Both Cabal and GHC don't do much with C/C++ files, they mostly relay information to the respective compilers. However, I think there could be some middle ground. Projects with more complex build steps may opt for more granular build systems, but given this library (as I see it) aims to simplify the process of FFI for the Haskell programmer, I think it would be fine to place some build responsibilities on it. include-c already introduces its own concept of dependency via TH, it just can't fully translate it to Cabal/GHC, in order for it to be able to do so, it needs a little bit more out of GHC.

If GHC exposed to TH more information about how it is being called, and specifically, how it calls the C/C++ compiler, we could both check all included directories, and also call $(CC) -M foo.h to get all transitive dependencies as Robert alluded to. This way, no extra burden would be placed on GHC.

If it is a local file, check the dependencies. If it is a shared library, it may not check dependencies. The behavior may confuse users. If we run into this issue, it may make sense to use the -fforce-recomp option in general.

I could add a section to the documentation as part of the PR to clarify when a file would be tracked or not.

If it is a shared library, it may not check dependencies.

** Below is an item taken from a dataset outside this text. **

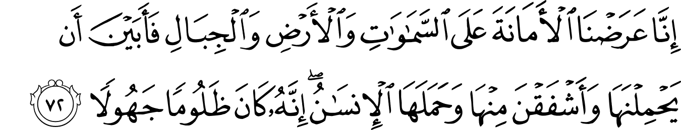 | 33:72:14 | الۡاِنۡسَانُؕ | الْاِنْسَانُ ؕ | الْاِنْسَانُ ؕ | الْاِنْسَانُﵧ | الْاِنْسَانُؕ | ٱلْإِنسَـٰنُ ۖ | الانسـن | ٱلْإِنسَٰنُۖ | ﯬﯭ | ٱلْإِنسَٰنُۖ | الْإِنسَانُ ۖ | الانسان | ٱلۡإِنسَٰنُۖ |
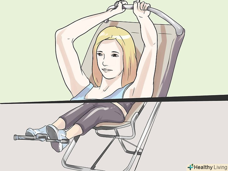Виведіть підставку для ніг на Ab Lounge 2 вперед. помістіть обидві руки на нерухомі бічні рукояті за собою і сядьте, як якщо б ви сідали на диван.- Сидіть прямо, або злегка прикладіться до спинки, але не відкидайтеся назад з силою, поки не будете готові почати тренуватися.

Unless you were working on both a shared library and Haskell simultaneously this issue should not really manifest itself, the main issue I think is if you are using cbits or some other folder that TH doesn't know ahead of time, that I think is quite common. I would still leave this hotfix for those that can use it, but I understand not wanting it, so the behaviour is consistent.

roberth commented 7 months ago

So IIUC Cabal never tracks header dependencies? My use of cxx-sources is very limited, so I might have got lucky.

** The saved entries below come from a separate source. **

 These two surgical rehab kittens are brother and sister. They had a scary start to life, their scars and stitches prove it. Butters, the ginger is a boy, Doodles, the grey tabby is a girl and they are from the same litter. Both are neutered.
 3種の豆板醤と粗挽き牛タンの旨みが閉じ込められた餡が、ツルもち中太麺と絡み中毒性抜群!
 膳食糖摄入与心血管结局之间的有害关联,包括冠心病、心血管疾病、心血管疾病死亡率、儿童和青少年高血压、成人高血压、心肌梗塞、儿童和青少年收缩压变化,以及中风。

If some of the interactions are not supported, that's indicative of an architectural problem, and/or a bug that should be fixed.

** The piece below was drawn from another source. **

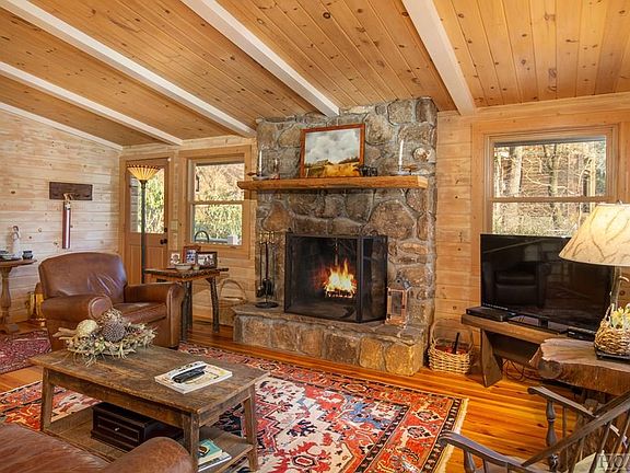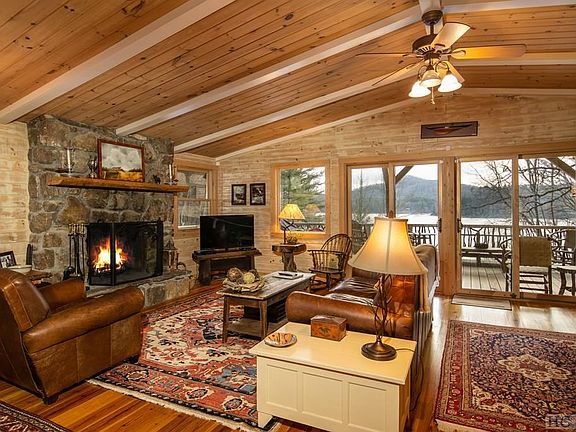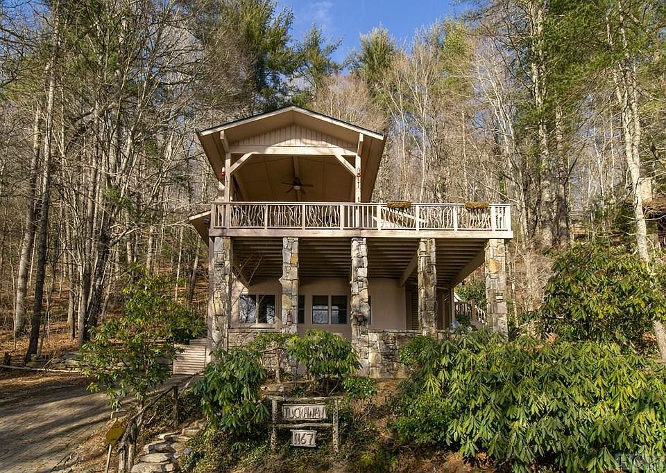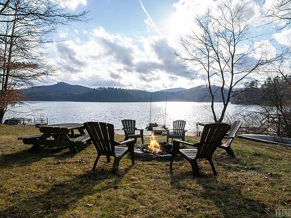 Magnificent scenery and cool temperatures highlight the short drive from the crossroads to this gorgeous waterfront mountain home on the east side of Lake Glenville. A stone-faced fireplace is the focal point of the great room, which opens to a large covered back deck with its own fireplace, overlooking the sparkling waters of the lake below. For effortless entertaining, the chef's kitchen complete with fine cabinetry, premium appliances, and granite countertops is central to the floor plan. The master bedroom and two guest rooms are conveniently on the main level. The game room is the perfect area for the family to gather around a game of pool while admiring the lake views. A path guides the way to the fire pit and the private dock. Family and guests of all ages will love this paradise getaway with so many activities to enjoy, such as boating, swimming, fishing, canoeing, picnicking, hiking, and more!

Nonetheless, I am ok with taking a pragmatic approach in this library, as Mathias suggests. If we don't solve the whole problem (e.g. cxx-sources recompilation), it would be nice to warn our users through our docs.

MathiasSven commented 7 months ago

So IIUC Cabal never tracks header dependencies?

I don't believe so, it will track the files you explicitly put in cxx-sources, but changes to header files included in those files will not trigger a rebuild of the file.

Going back to what can be done to fully fix this issue (at least without waiting on GHC/Cabal to implement a standardized of way of dealing with this), as I mentioned before there already is a "hack" that would give us all the information we needed:

{-# LANGUAGE TemplateHaskell #-}

module Main where

import Language.Haskell.TH.Syntax
import GHC.Tc.Types
import GHC.Driver.Flags
import GHC.Settings
import GHC.Driver.Session
import Unsafe.Coerce

info = $( let runTcM :: TcM a -> Q a
              runTcM action = Q (unsafeCoerce action)
          in
            do 
              dflags <- runTcM getDynFlags
              root   <- getPackageRoot 
              let ts = toolSettings dflags

              lift
                [ show $ includePaths dflags
                , root
                , toolSettings_pgm_cxx ts
                , toolSettings_pgm_c ts
                , fst $ toolSettings_pgm_P ts
                ]
        )

main :: IO ()
main = putStrLn $ unlines info

ghc -Ifoo -Ibar -fforce-recomp Main.hs && ./Main

IncludeSpecs {includePathsQuote = [], includePathsGlobal = ["foo","bar"], includePathsQuoteImplicit = ["."]}
.
/nix/store/sfgnb6rr428bssyrs54d6d0vv2avi95c-gcc-wrapper-12.3.0/bin/c++
/nix/store/sfgnb6rr428bssyrs54d6d0vv2avi95c-gcc-wrapper-12.3.0/bin/cc
/nix/store/sfgnb6rr428bssyrs54d6d0vv2avi95c-gcc-wrapper-12.3.0/bin/cc

@roberth Would your suggestion be to raise an issue on GHC about giving a non unsafeCoerce interface to this information, and in the meanwhile add a section to the documentation explaining when files are or aren't tracked via include-c?

edit: I opened an issue at haskell/core-libraries-committee proposing a stable API to the above. Discussion relevant to this issue has moved to the GHC Issue tracker at issue 24353.